Les principes de droits applicables à une recommandation conjointe

[37]        Conformément à l’arrêt Anthony-Cook[3] de la Cour suprême du Canada, c’est le critère de l’intérêt public qui doit guider le juge lorsqu’il est saisi d’une recommandation conjointe des parties relativement à la peine à imposer à une personne déclarée coupable d’une infraction criminelle.

[38]        Dans l’affaire Génier[4], le Tribunal des professions confirme que ce critère s’applique en matière disciplinaire lorsqu’une suggestion commune des parties est présentée au sujet de la sanction.

[39]        Suivant le raisonnement exprimé dans l’arrêt Anthony-Cook, un conseil de discipline doit s’abstenir d’écarter une recommandation conjointe à moins que la sanction proposée soit susceptible de déconsidérer l’administration de la justice ou d’être contraire à l’intérêt public.

[40]        Concrètement, cela signifie que le conseil de discipline ne peut adhérer à l’entente des parties si la sanction négociée est susceptible de faire perdre au public raisonnable et renseigné des circonstances de l’affaire sa confiance dans l’institution des tribunaux.

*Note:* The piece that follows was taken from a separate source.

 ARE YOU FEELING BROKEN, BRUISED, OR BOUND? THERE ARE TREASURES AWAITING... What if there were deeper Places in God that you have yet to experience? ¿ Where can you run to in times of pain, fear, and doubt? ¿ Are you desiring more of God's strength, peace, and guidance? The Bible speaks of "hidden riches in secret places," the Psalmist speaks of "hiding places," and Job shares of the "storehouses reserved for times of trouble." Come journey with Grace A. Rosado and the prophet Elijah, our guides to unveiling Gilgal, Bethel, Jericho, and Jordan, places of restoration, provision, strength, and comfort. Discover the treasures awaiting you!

[41]        La Cour suprême du Canada énonce aussi que les juges du procès doivent aborder la recommandation conjointe telle qu’elle leur est présentée et qu’ils peuvent s’informer des circonstances à l’origine de la recommandation conjointe, en particulier tous les avantages obtenus par le ministère public ou toutes les concessions faites par l’accusé.

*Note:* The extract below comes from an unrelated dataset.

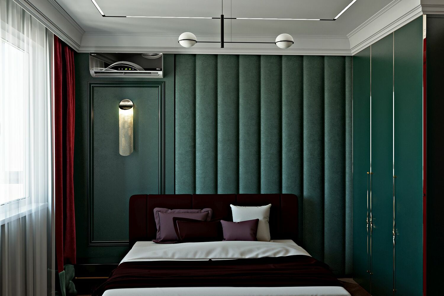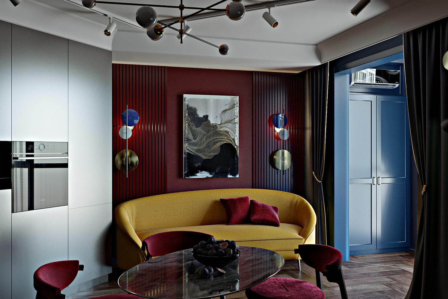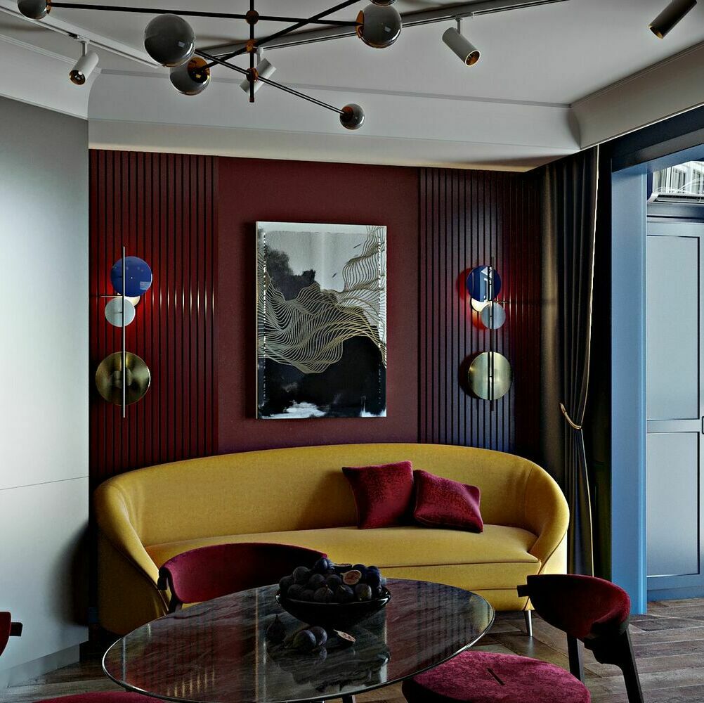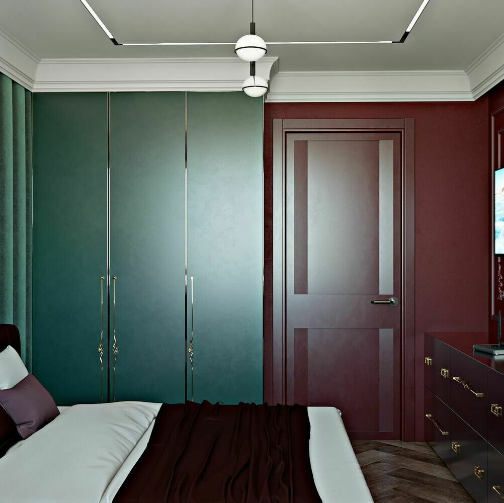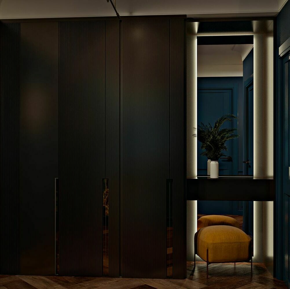 Заказчики хотели необычный интерьер в темных глубоких тонах.

[42]        Puisque les juges du procès sont tenus de ne s’écarter que rarement des recommandations conjointes, la Cour suprême du Canada rappelle que les avocats ont l’obligation corollaire de s’assurer qu’ils justifient amplement leur position en fonction des faits de la cause. Les passages suivants de l’arrêt Anthony-Cook sont à cet effet :

[54]       Les avocats doivent évidemment donner au tribunal un compte rendu complet de la situation du contrevenant, des circonstances de l’infraction ainsi que de la recommandation conjointe sans attendre que le juge du procès le demande explicitement. Puisque les juges du procès sont tenus de ne s’écarter que rarement des recommandations conjointes, [traduction] « les avocats ont l’obligation corollaire » de s’assurer qu’ils « justifient amplement leur position en fonction des faits de la cause, tels qu’ils ont été présentés en audience publique » (rapport du comité Martin, p. 329). La détermination de la peine — y compris celle fondée sur une recommandation conjointe — ne peut se faire à l’aveuglette. Le ministère public et la défense doivent [traduction] « présenter au juge du procès non seulement la peine recommandée, mais aussi une description complète des faits pertinents à l’égard du contrevenant et de l’infraction », dans le but de donner au juge « un fondement convenable lui permettant de décider si [la recommandation conjointe] devrait être acceptée » (DeSousa, par. 15; voir aussi Sinclair, par. 14).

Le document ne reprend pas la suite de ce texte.